Lundi 24 Septembre, 2018

Boulo Valcourt a mal au cœur

«Au cœur ça fait mal », sorti sous le label Manoumba Records, est le premier disque solo du guitariste Boulo Valcourt.

Compositeur idolâtré, timbre chaud, voix éraillé posée même sur les plus sinueuses mélodies : Boulo Valcourt couronne avec cet opus ses 50 ans de carrière musicale. Le natif du Cap-Haïtien s’est entouré de quelques bonnes têtes pour réaliser ce disque de dix morceaux peuplés d’amour, de romance, de lyrisme, de peine, de douleurs intimes.

« Si vous la rencontrez, dites-lui que je veux mourir. Dites-lui que je verse une rivière de larmes pour elle. Chaque jour, chaque nuit, c’est à elle que je pense. La souffrance finira par me déchirer en deux. Priez-la de venir me rejoindre » : on reconnait très vite les griffes du parolier Syto Cavé, toujours invité à tremper ses paroles  dans l’encre de la poésie.  Boulo et Syto sont deux complices, deux compagnons de route et de même goût : le premier habille de mélodies les textes bien ciselés du second.  

Cet opus a donc mérité la collaboration de nombreux artistes dont le parolier Jean-Marie Dominique. Au chœur : Michaëlle Delphin, Évangéline, Jeff Isma, Wilckenson Théodore, etc.

Au saxophone soprano, alto, ténor et au baryton, on retrouve  le multi-instrumentiste franco-tunisien Yacine Boularès avec qui Boulo Valcourt signe les arrangements.   Au piano : le claviériste du Tabou Combo, l’ingénieur et propriétaire de Final Mix Studio (où l’opus a été enregistré à New York), Jocel Alméus. À la section basse : Bobby Raymond et Rigaud Simon. À la batterie : Shedly Abraham et John Peterson Jean Tulien, alias Ti Batè. Et à la percussion : Clifford Sylvain. 
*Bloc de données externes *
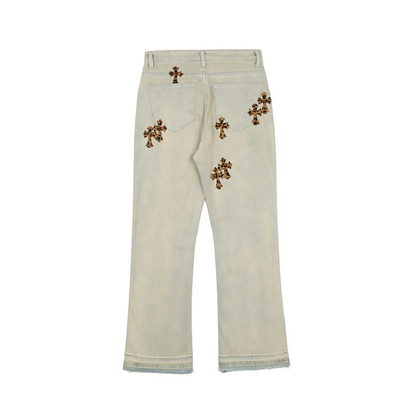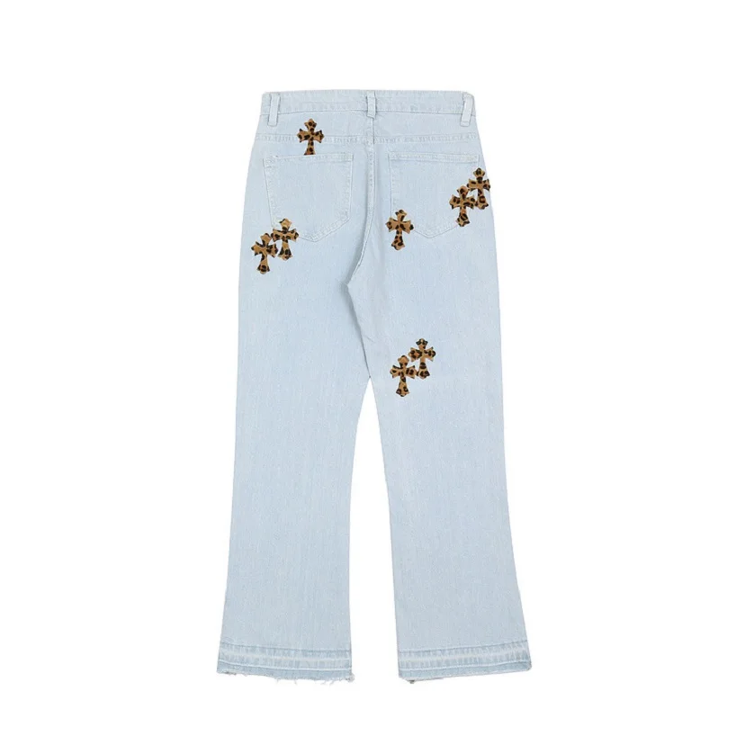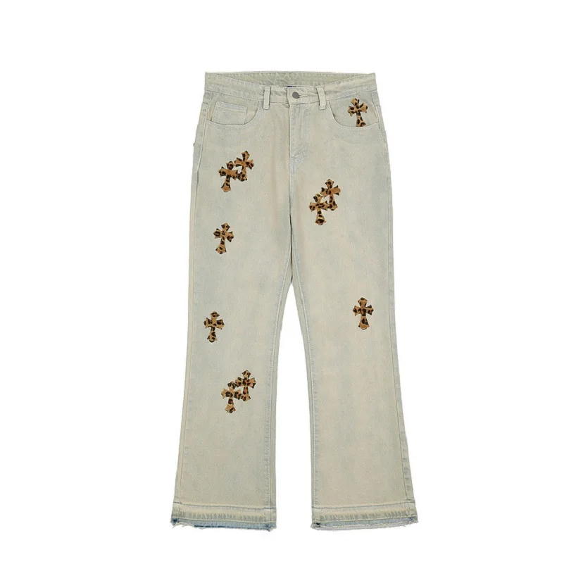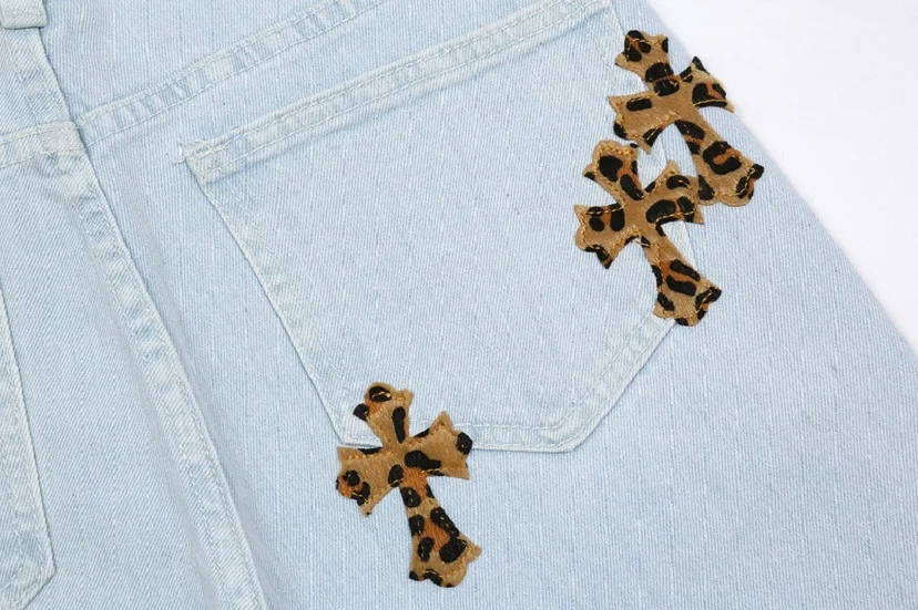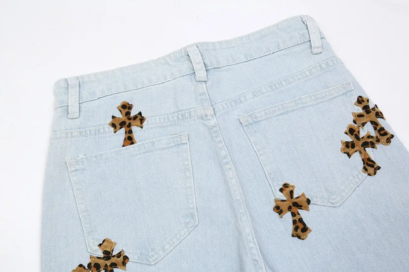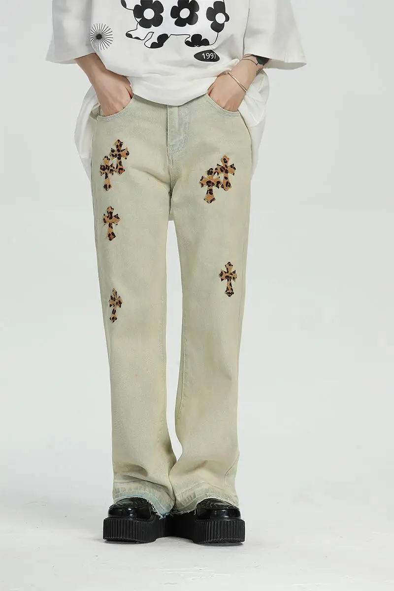 Джинсы мужские, женские, широкие, с вышивкой, в стиле хип-хоп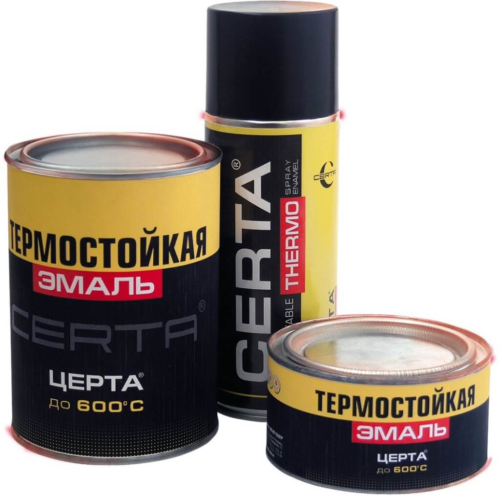 На банках должна быть указана вся информация о предназначении термокраски, до какого значения градусов она может использоваться. ЭтЭто значительно облегчает выбор, так как одного названия простому человеку бывает недостаточно. Для каждой работы или объекта можно подобрать свою термокраску. Например, покрасить радиаторы отопления можно материалом выдерживающим температуру до +160 градусов, а вот поверхность печи потребует стойкости до +600, а то и +800 Со.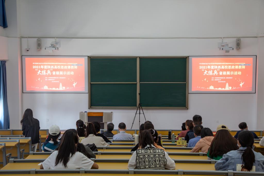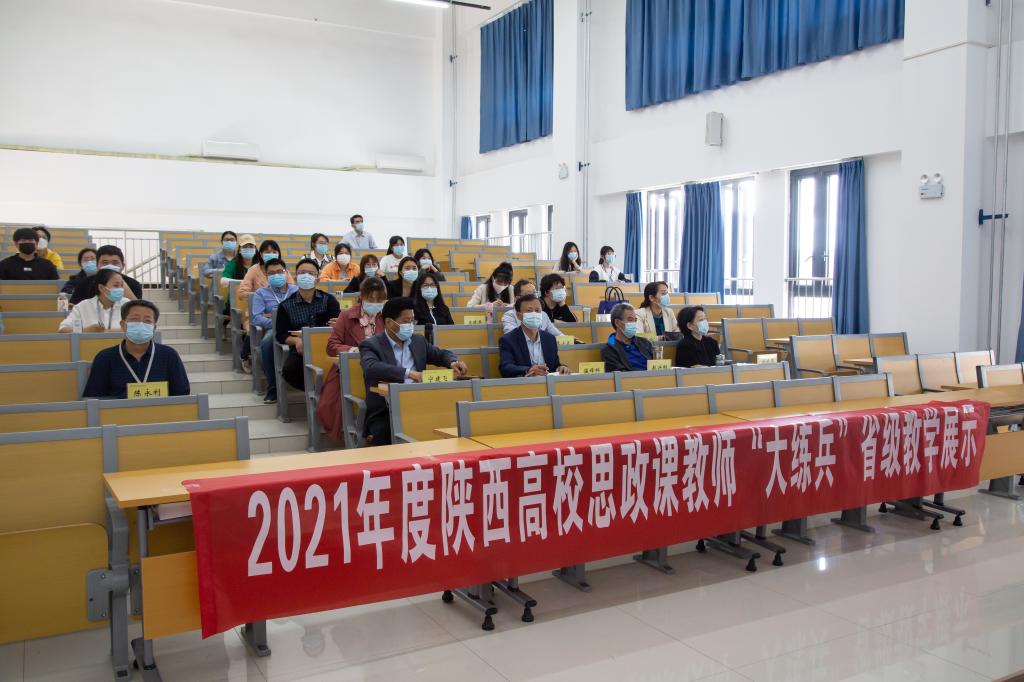 4月26日, 2021年度陕西高校思政课教师“大练兵”省级展示活动在陕西师范大学举行。校院党委书记温锋科,副校(院)长赵兴刚、宁建飞、刘晓琴,纪委书记陈永利,党委(院长)办公室副主任、宣传部副部长张晓娟,教务处副处长张小卫,马克思主义学院院长马雅玲,全体思政课教师、辅导员及学生代表在长安校区全程参加直播观摩。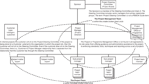 Figure 2.4. A representative organizational structure of a projectThere are many different names for the titles or roles of those in the project who come under the Project Manager. The three main types are shown here. Sub-project managers have management responsibility for a part of the project. Subject matter experts may or may not perform project work, but their primary contribution to the projects is their specialized expertise remember that the Project Manager is not expected to know about all areas of the project, their role is to do project management, so subject matter experts provide the expertise necessary to design and plan the project and to make sound and informed decisions on their subject matter. Project team member is the term for anyone else on the project. It is useful to have a term for the group who collectively do project management in the project, and this is the project management team. The project team means everyone involved in doing project work, although normally the Customer, Sponsor and Steering Committee are excluded from both these groups as they are not involved in doing day-to-day project work. Where there is a Project or Programme Management Office, it may or may not be involved in project management or project execution, which is why in this diagram the PMO box is partly included in the broken-lined circles. On large projects or where the individual has negotiated a title increase, the Project Manager may be called Project Director.
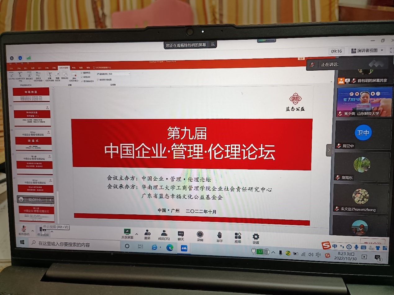2022年10月30日,第九届中国企业·管理·伦理论坛在广州成功召开。中国企业·管理·伦理论坛由上海交通大学安泰经济与管理学院与《管理学报》于2014年6月联合发起,迄今为止,已成功举办八届。论坛致力于成为高水平跨学科学术交流平台,引领我国企业社会责任、企业伦理与管理伦理领域的学术研究,促进理论和实践的发展。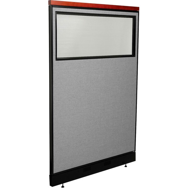 Interion Deluxe Office Partition Panel w/Partial Window and Pass-Thru Cable 48-1/4Wx101-1/2H GRY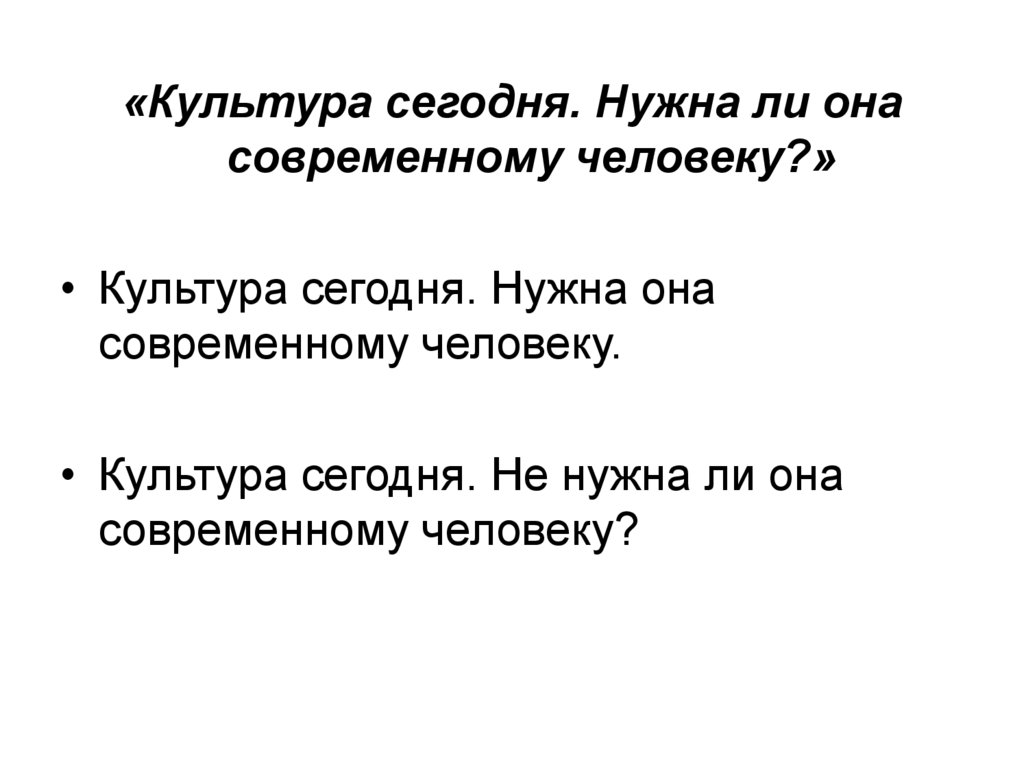 «Культура сегодня. Нужна ли онасовременному человеку?»

Cet album né de la rencontre entre  Kendy Vérilus et Rebecca Dirksen (pianiste classique et ethnomusicologue américaine dont le talent a été salué par le guitariste Boulo Valcourt. Celui qui, par la finesse de ses compositions, la beauté de ses mélodies et de ses accords vrillés, accompagne le succès de plusieurs artistes de la nouvelle génération reste un trésor musical et une icône inclassable dans l’histoire de notre musique.

Il est celui qui peut toucher à tout, qui peut balancer entre compas (son passage à Ibo Combo et à Caribean Sextet est gorgé de souvenirs de scène), bossa nova, jazz, musiques latines et racines. Qui n’aime pas la voix de Boulo Valcourt sur « Kòk gagè », « Fè van » ou le très célèbre morceau  « La Pèson » qui peut porter  le poids d’un double sens : un cœur blessé et déchiré qui chante un amour déçu. Mais un texte lié, pas intentionnellement, à un contexte politique, celui de la dislocation  du régime de Baby Doc.